TASK TO COMPLETE :: Having located "Prime development opportunity", write out its line and the remaining lines of the material exactly, the last one included, but not the pictures.

PROVIDED MATERIAL ::
============================================================
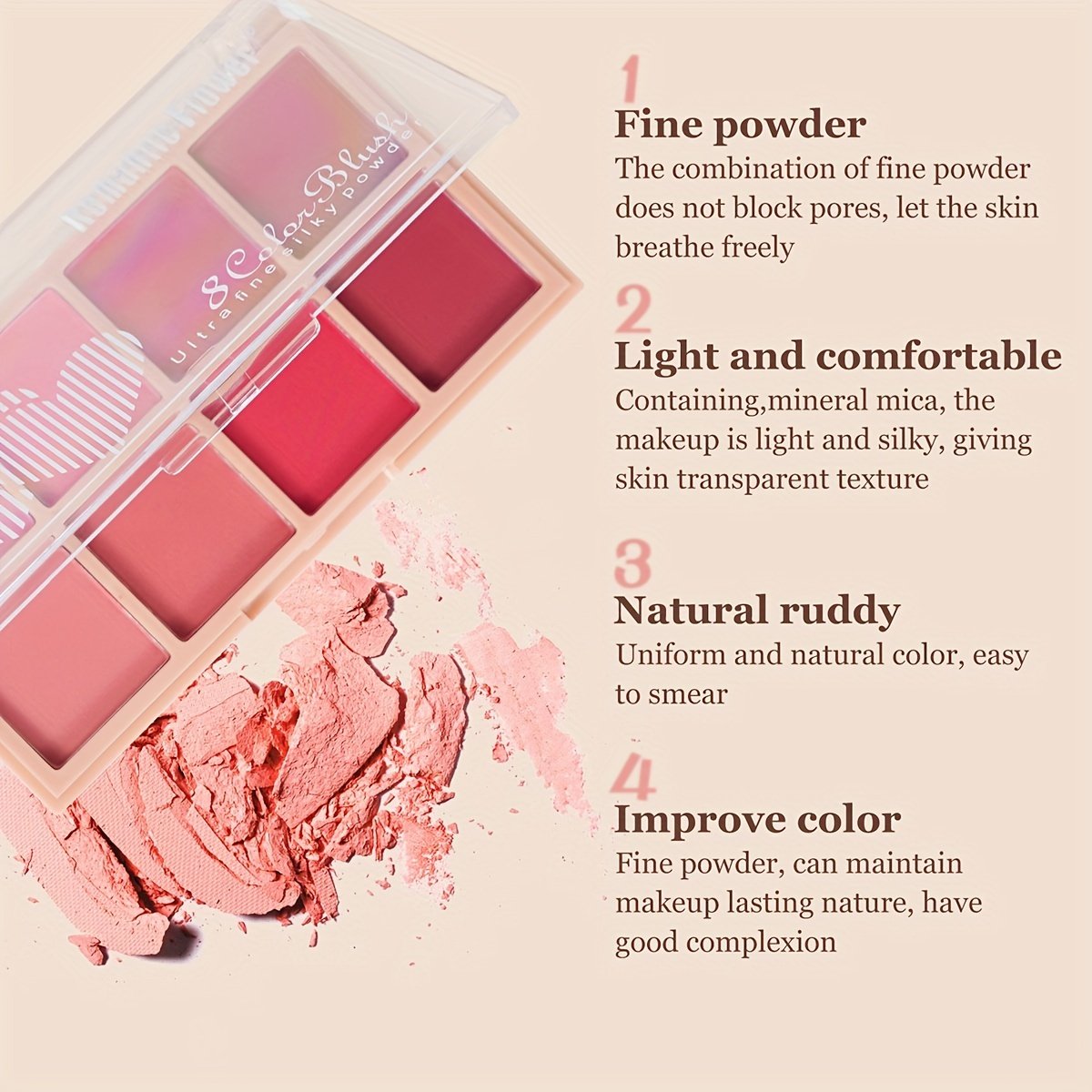 - Long-Lasting Wear: No need to worry about reapplying your makeup! Enjoy vibrant and attractive cheek color that stays put for long hours, ensuring you a fresh and radiant look from morning until evening without the need for frequent reapplication.
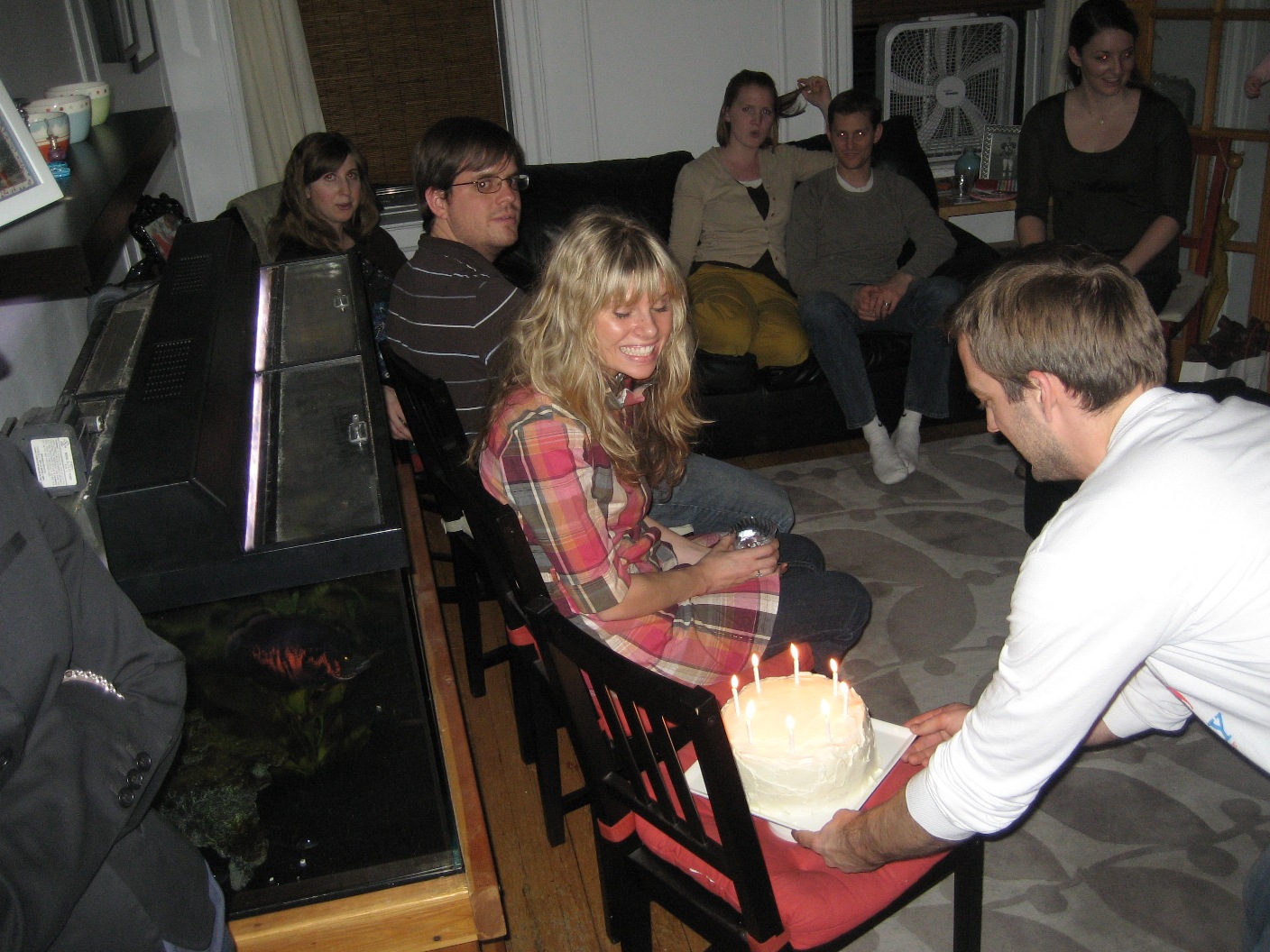 Reagan and I had a very enjoyable weekend. In addition to the Piper visits, we paid a visit to Brooklyn Industries, so that Reagan could exchange one of her Christmas presents (above). Then, Saturday night we had a little get-together for Reagan’s birthday. It was a lot of fun. I ran to grab the camera, so I could get a picture of Reagan blowing out the candles. Let’s just say that the pic didn’t come out so great. I’m not going to post it on here. But you can check it out here, if you would like to see some photography skills at their finest.
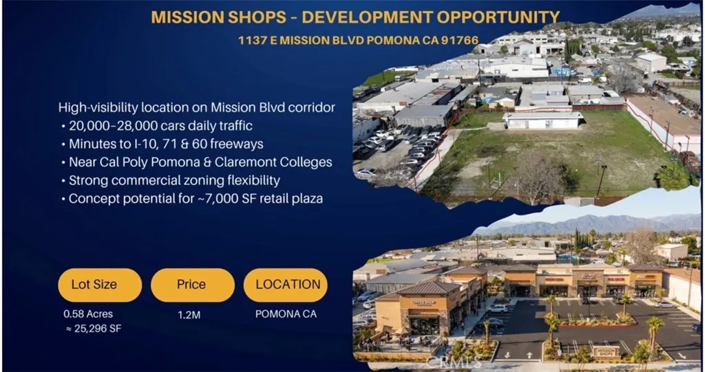 Prime development opportunity located at 1137 E Mission Blvd in Pomona, CA, offering approximately 0.58 acres (25,296 SF) of highly visible commercial land along one of the city’s busiest corridors. Strategically positioned with excellent access to Interstate 10, SR-71, and SR-60, the site benefits from strong commuter exposure with an estimated 20,000–28,000 vehicles per day. The property falls under the Pomona Corridors Specific Plan, allowing for a wide range of commercial and mixed-use developments including retail, restaurant, medical office, personal services, and more. Additional uses such as drive-thru establishments, fitness facilities, and automotive-related businesses may be permitted with city approval. This offering presents a compelling value-add development opportunity, with a proposed concept for approximately 7,000 SF neighborhood retail plaza, featuring 6–7 units and ~30 parking spaces. Surrounded by a strong population base and major educational institutions including Cal Poly Pomona, Western University of Health Sciences, and the Claremont Colleges, the site is ideally positioned to serve both residential and student-driven demand. With proximity to Downtown Pomona and continued city support for corridor revitalization, this site is well-suited for investors, developers, and owner-users seeking a high-growth opportunity in the heart of Southern California.
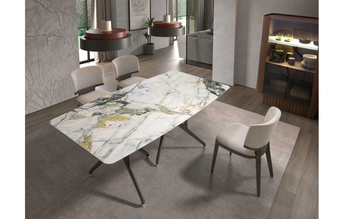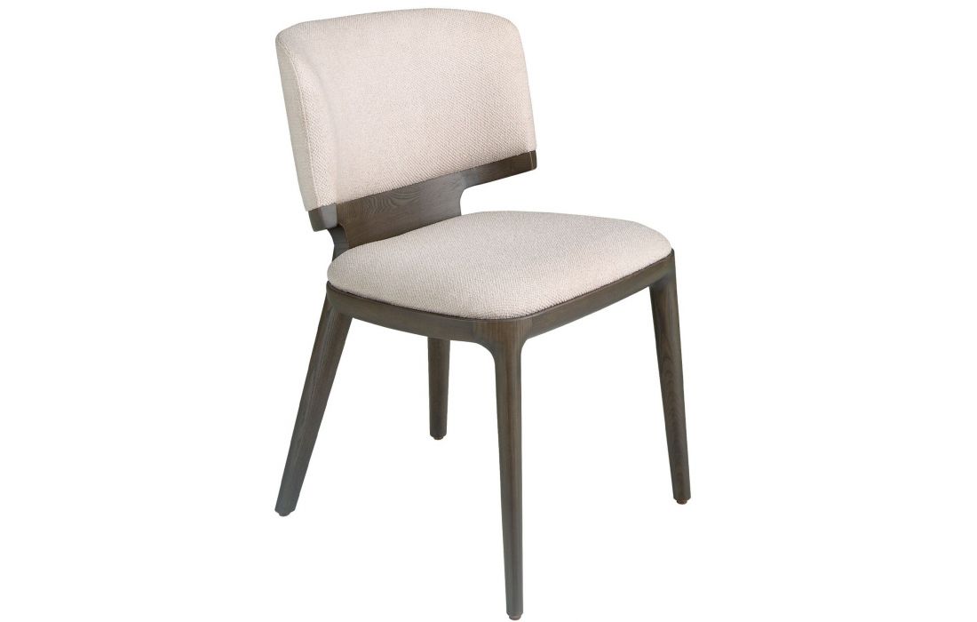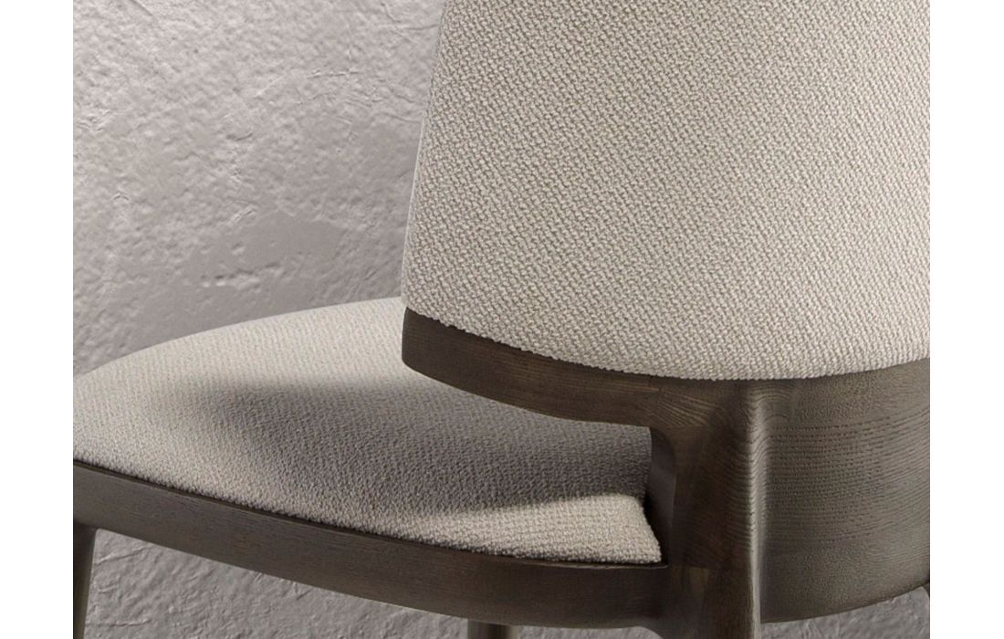 Modern design chair with seat and back upholstered in fabric and dark oak legs, with an avant-garde and timeless styleRecipient :
============================================================
RESULT ::
 Prime development opportunity located at 1137 E Mission Blvd in Pomona, CA, offering approximately 0.58 acres (25,296 SF) of highly visible commercial land along one of the city’s busiest corridors. Strategically positioned with excellent access to Interstate 10, SR-71, and SR-60, the site benefits from strong commuter exposure with an estimated 20,000–28,000 vehicles per day. The property falls under the Pomona Corridors Specific Plan, allowing for a wide range of commercial and mixed-use developments including retail, restaurant, medical office, personal services, and more. Additional uses such as drive-thru establishments, fitness facilities, and automotive-related businesses may be permitted with city approval. This offering presents a compelling value-add development opportunity, with a proposed concept for approximately 7,000 SF neighborhood retail plaza, featuring 6–7 units and ~30 parking spaces. Surrounded by a strong population base and major educational institutions including Cal Poly Pomona, Western University of Health Sciences, and the Claremont Colleges, the site is ideally positioned to serve both residential and student-driven demand. With proximity to Downtown Pomona and continued city support for corridor revitalization, this site is well-suited for investors, developers, and owner-users seeking a high-growth opportunity in the heart of Southern California.
 Modern design chair with seat and back upholstered in fabric and dark oak legs, with an avant-garde and timeless styleRecipient :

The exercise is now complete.